И стал я иногда – и все чаще – заходить к Якову Павловичу. И не столько, чтобы выпить действительно настоящего вкусного чая, сколько для того, чтобы поговорить с ним. В хлеборезке было всегда тепло и уютно, вкусно пахло свежим хлебом и крепким чаем. Постель на топчане чиста и аккуратно застелена, в углу на гвозде всегда висела старая, но очень достойного вида шуба.
Свентицкий много ездил по свету. Был почти во всех государствах Европы, бывал и на Востоке, даже в Палестине. Не столько из-за религиозных чувств, – по-моему, он был совершенно лишен их, – сколько из-за любопытства. И рассказывал он умно, лаконично, сразу же находя самые точные определения. Совсем не банальные, скорее – парадоксальные. Никогда не расспрашивал я его о семье, её участи, о том, как и каким образом очутился он в Советской России один-одинешенек.

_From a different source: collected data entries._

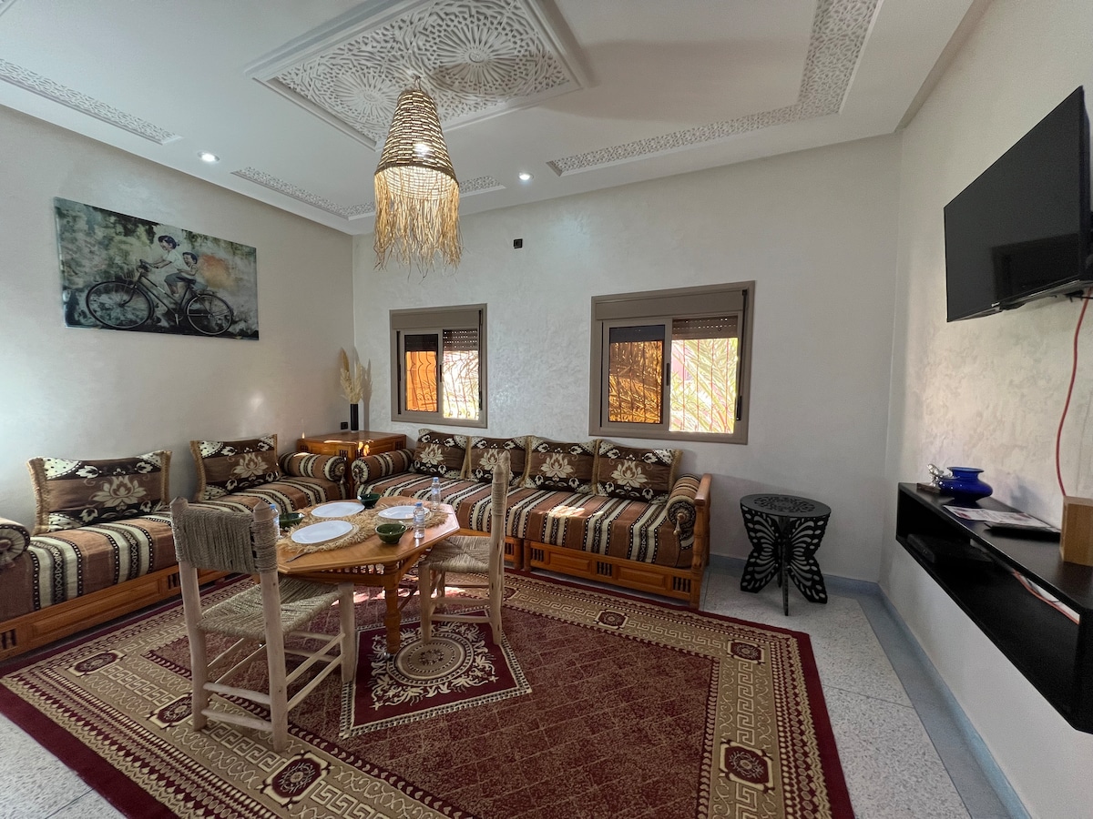 Et donem la benvinguda a Tigminou, la nostra casa de convidats, al cor de les altes muntanyes de l'Atlas. Còmode i espaiós, el nostre apartament ofereix 2 dormitoris/1 bany, una còmoda sala d'estar equipada amb una llar de foc amb vistes als cims nevats i una cuina . Gaudeix de rutes de senderisme, cascades i pobles berbers. La nostra família és aquí per fer que la teva estada sigui inoblidable. Reserva ara i gaudeix d'una escapada màgica a l'Atlas!
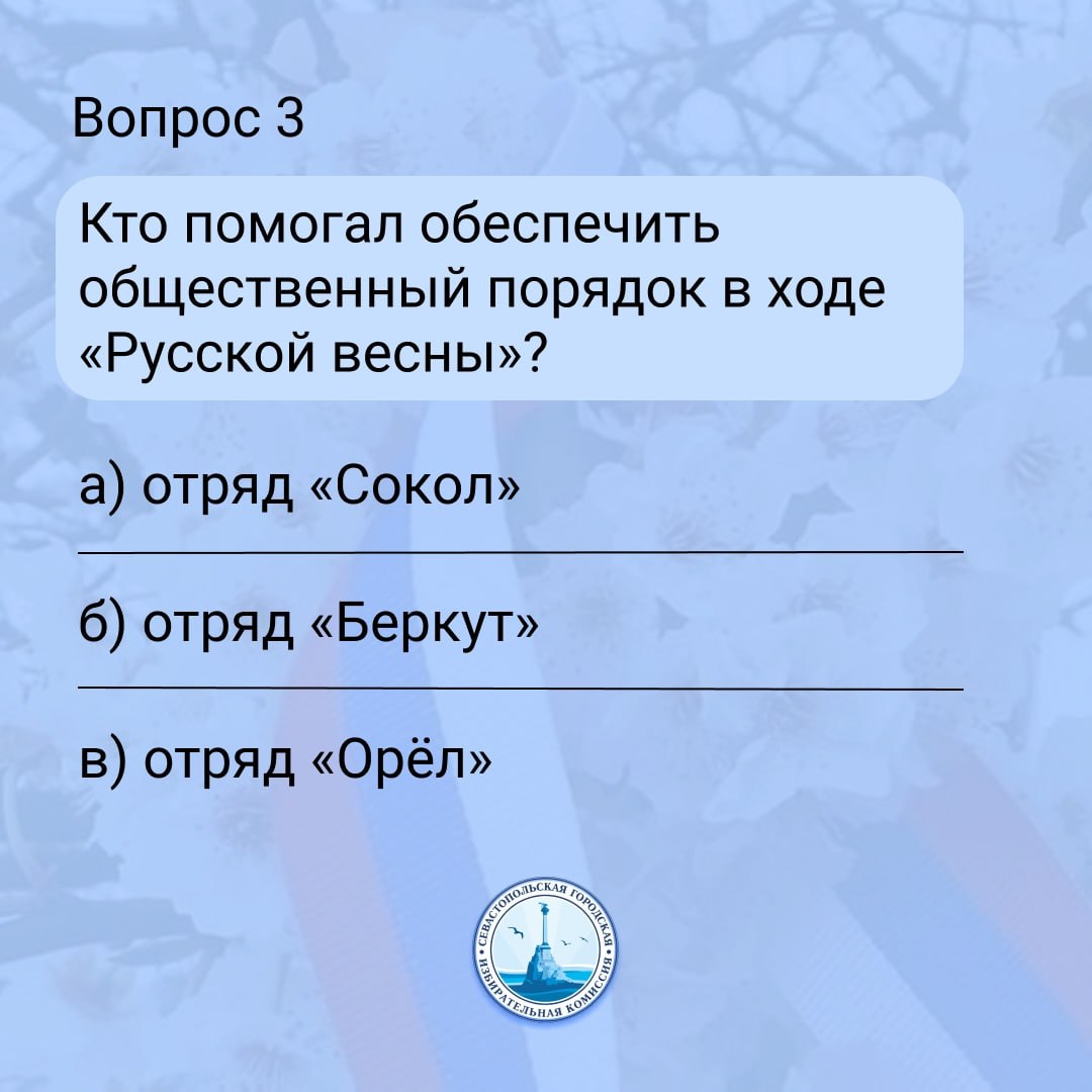 Викторина к годовщине воссоединения Севастополя и Крыма с Россией!
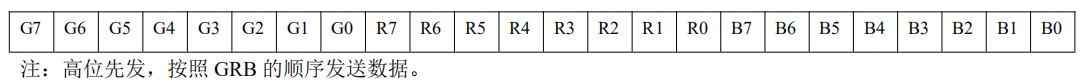 数据协议采用单线归零码的通讯方式,像素点在上电复位以后,DIN端接受从控制器传输过来的数据,首先 送过来的24bit数据被第一个像素点提取后,送到像素点内部的数据锁存器,剩余的数据经过内部整形处理电路整 形放大后通过DO端口开始转发输出给下一个级联的像素点,每经过一个像素点的传输,信号减少24bit。
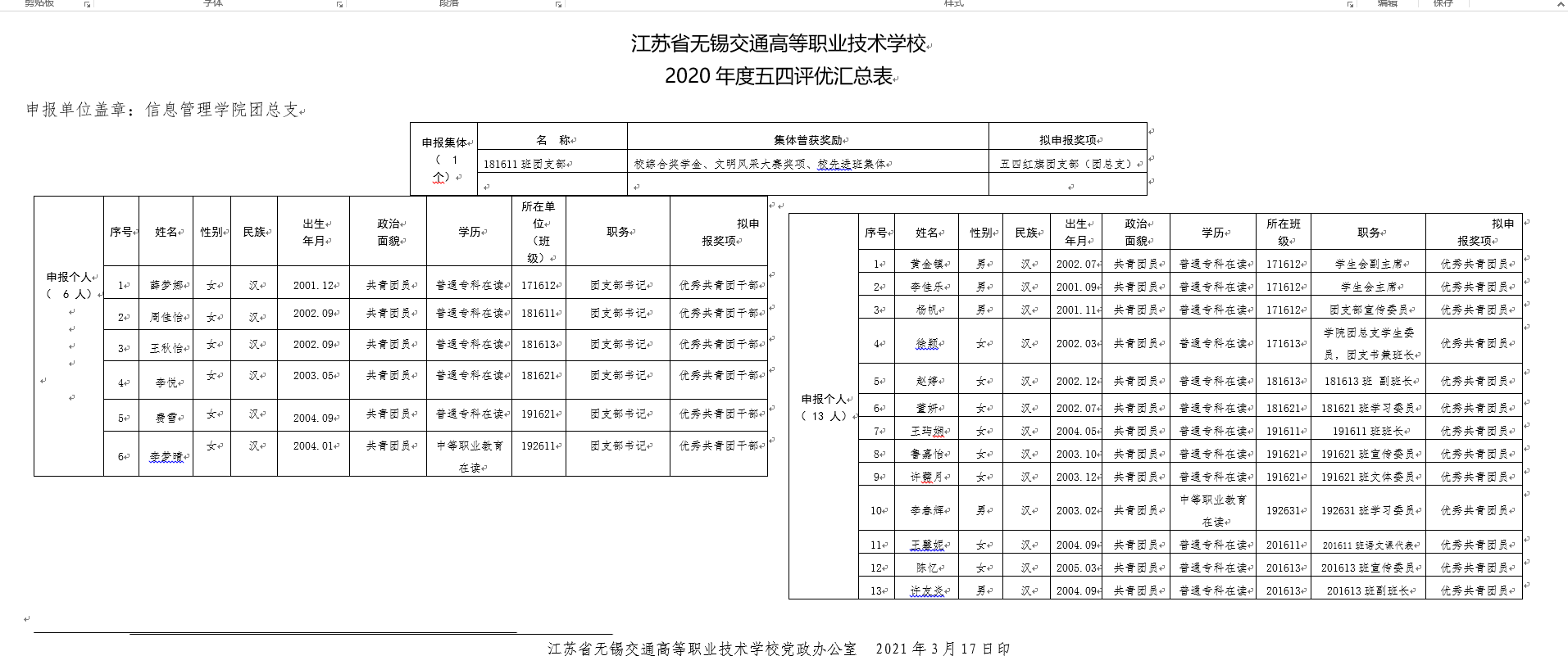 公示:2020年度三好学生、优秀学生干部等荣誉
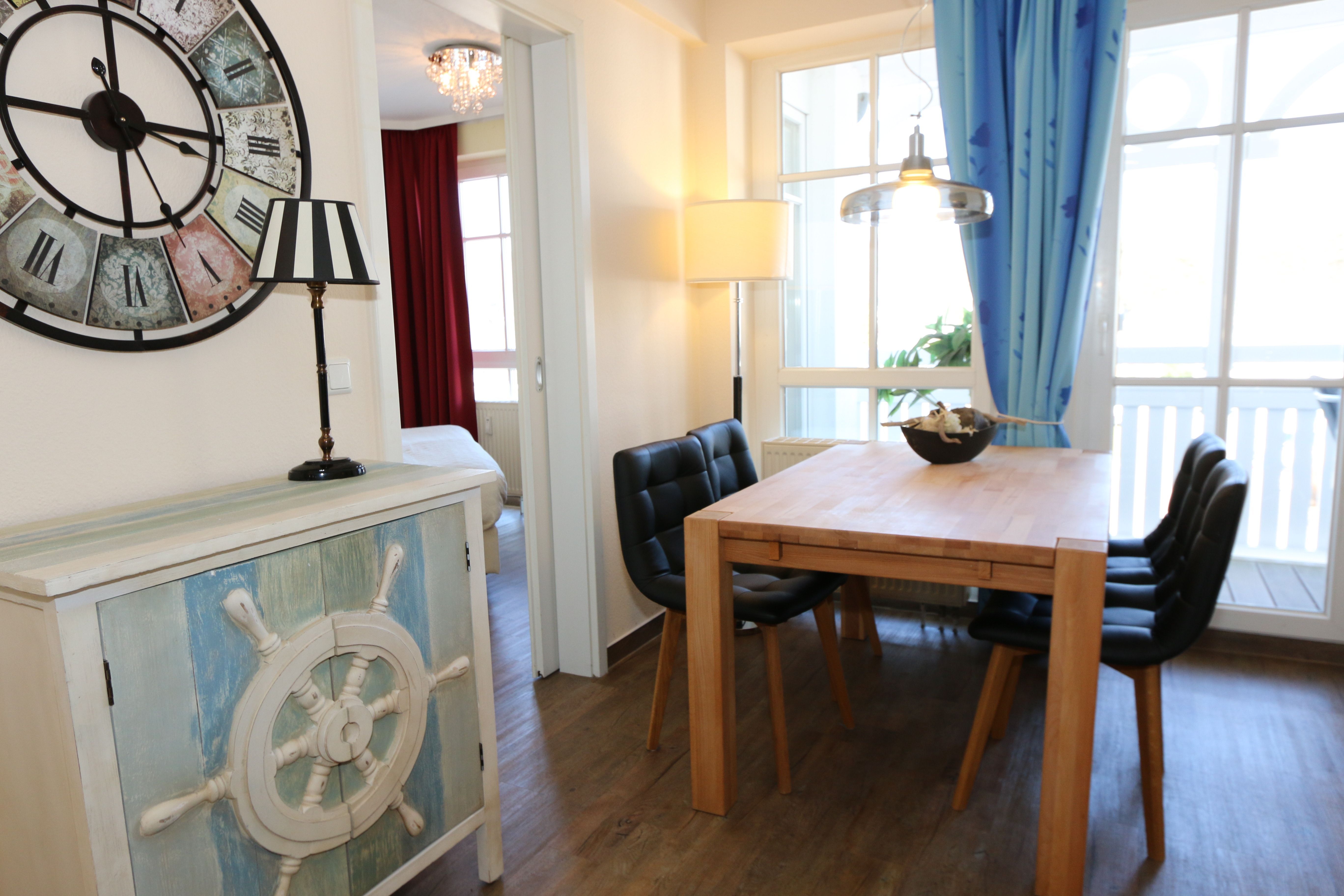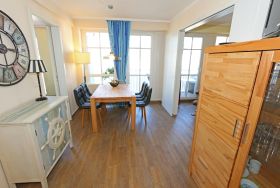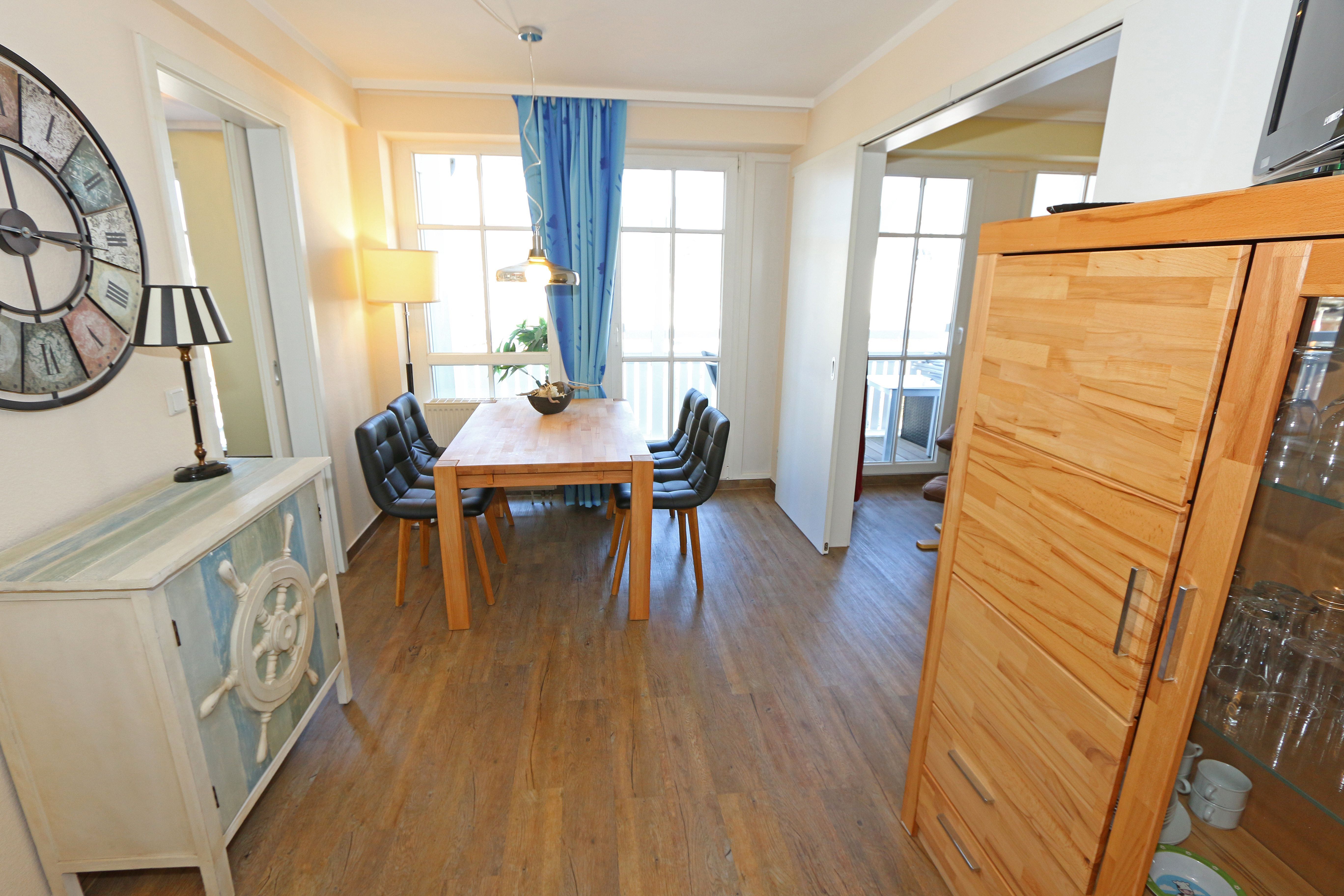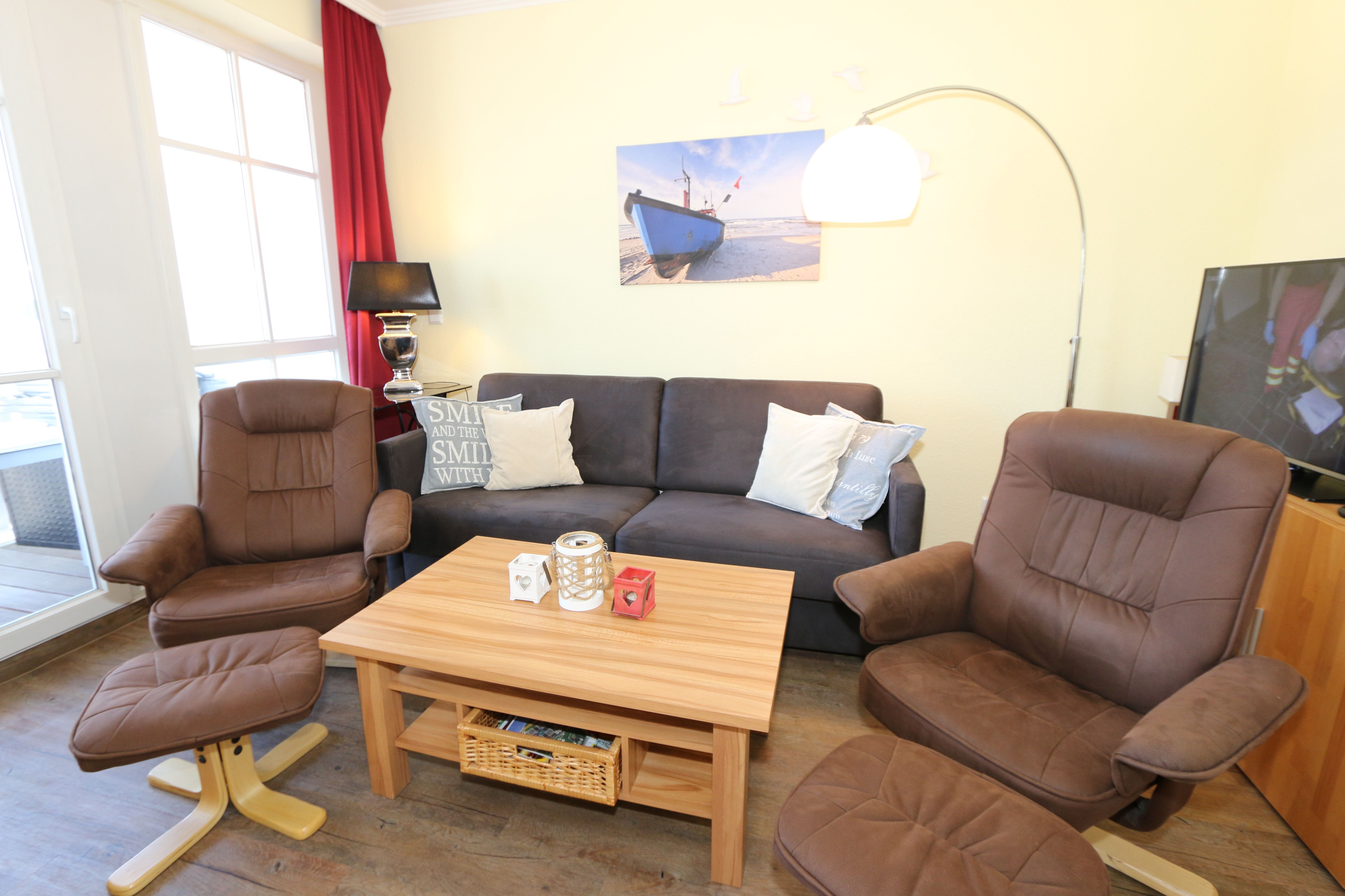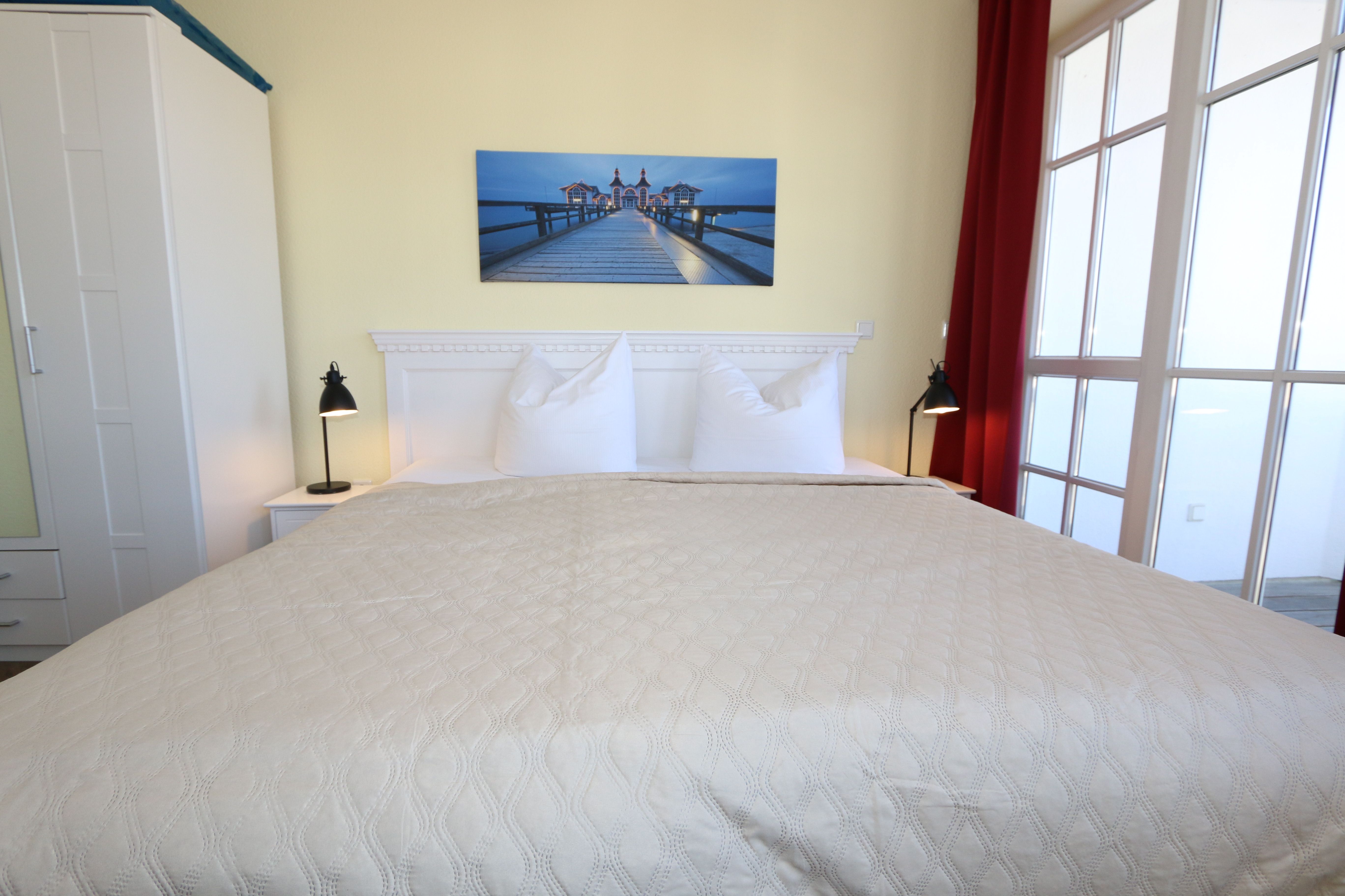 Die gemütlich eingerichtete Nichtraucherwohnung befindet sich in der 2. Etage des Hauses Altensien im Seepark Sellin. Durch die ca. 52 qm große Wohnfläche bietet Sie ausreichend Platz für max. 2 Personen. Der Wohn-/ Essbereich ist mit Schiebetüren voneinander abtrennbar. Der Essbereich verfügt über eine moderne Küchenzeile mit Ceranfeld, Spüle, Kühlschrank, Gefrierfach, Nespresso Maschine, Spülmaschine, Mikrowelle, Backofen, Kaffeemaschine, Toaster, Wasserkocher sowie diversen Küchenutensilien. Angrenzend haben Sie einen hellen und gemütlichen Essbereich, der nicht nur für die Mahlzeiten zum Verweilen einlädt. Zusätzlich haben Sie eine Leselampe, ein Highboard mit Smart-TV und DVD-Player sowie auch ein 2. TV-Flachbild im Wohnbereich. Im Wohnbereich passt sich eine Couch, ein Sessel, ein Couchtisch sowie eine Anrichte mit Mini-Stereo-Anlage dem Raum an. Das geräumige Schlafzimmer bietet Ihnen ein Doppelbett (2x 0,90m x 2,00m), verstellbare Lattenroste, Nachtischkonsolen und Kleiderschrank. Vom Schlaf-/Ess- & Wohnbereich können Sie den bestuhlten Balkon (Osten) erreichen. Das Badezimmer ist in 2 Räume aufgeteilt, wo sich in einem der Räume eine ebenerdige Glasdusche sowie ein Waschtisch mit Fön befindet und in einem weiterem Raum, das WC mit kleinem Waschbecken. Beide Badezimmer sind gefliest. Alle anderen Räumlichkeiten sind mit einem Vinylboden verlegt worden. Ein eigener PKW-Stellplatz (42) steht Ihnen in der Tiefgarage (Höhe 2,00m) zur Verfügung sowie auch eine Fahrradabstellmöglichkeit im Keller. Auch im Urlaub brauchen Sie in Ihrer Wohnung nicht auf einen Internetanschluss (WLAN) verzichten. Dieser ist für Sie inklusive!!! Für unsere kleinen Gästen ist 1x Kinderreisebett mit zusätzlicher Matratze inklusive. 2 Hunde bis Kniehöhe oder 1 Kniehoher Hund (keine Katzen) sind gegen eine Gebühr gern gesehene Gäste in der Wohnung. Die Erstausstattung eines Wäschepaketes (komplette Bettwäsche, 1 Duschhandtuch, 2 kleine Handtücher) können Sie bis 14 Tage vor Anreise gegen einen Aufpreis dazu buchen oder durch eigene ergänzen. Ab 2 gebuchten Paketen erhalten Sie einmalig 1 Geschirrhandtuch und 1 Duschvorleger hinzu.
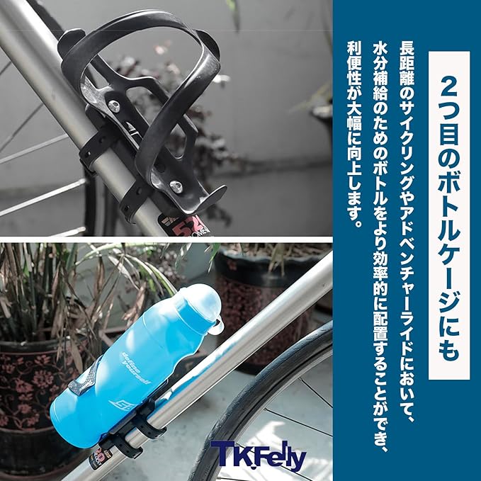 【2つ目のボトルケージにも】既存のボトルケージの位置を調整し、お好きな高さに変更したり、フレームの他の部分に移動させることができます。また、2つ目のボトルケージを追加で取り付けることも可能で、サドルの下などにも取り付けることができます。これにより、長距離のサイクリングやアドベンチャーライドにおいて、水分補給のためのボトルをより効率的に配置することができ、利便性が大幅に向上します。
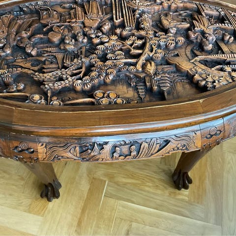 bordet är tillverkat av järn Bordet är elegant svängda järnben med en knut i mitten, allt är handgjorda kolla bilderna
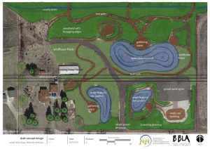We will be making some tweaks to this drawing, but it gives you a good idea of the general direction we’re heading and what we’re working toward. Within the brown gathering spaces, we plan to create areas such as a labyrinth, stone circle, fire circle, etc.
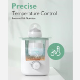 وارمر شیشه شیر Momcozy Nutri با فناوری گرمکردن ملایم در حمام آب، از داغ شدن بیشازحد جلوگیری کرده و تمام ارزش غذایی شیر مادر را حفظ میکند.

Одиночество было, кажется, одним из главных свойств его натуры. Он не дружил, как все «придурки», с медицинской аристократией из санчасти, к нему не приходили потолковать «о том о сем» его земляки. Он жил наедине со своими мыслями, и я не могу объяснить, почему я стал его собеседником, вернее, слушателем его размышлений о судьбах еврейского народа.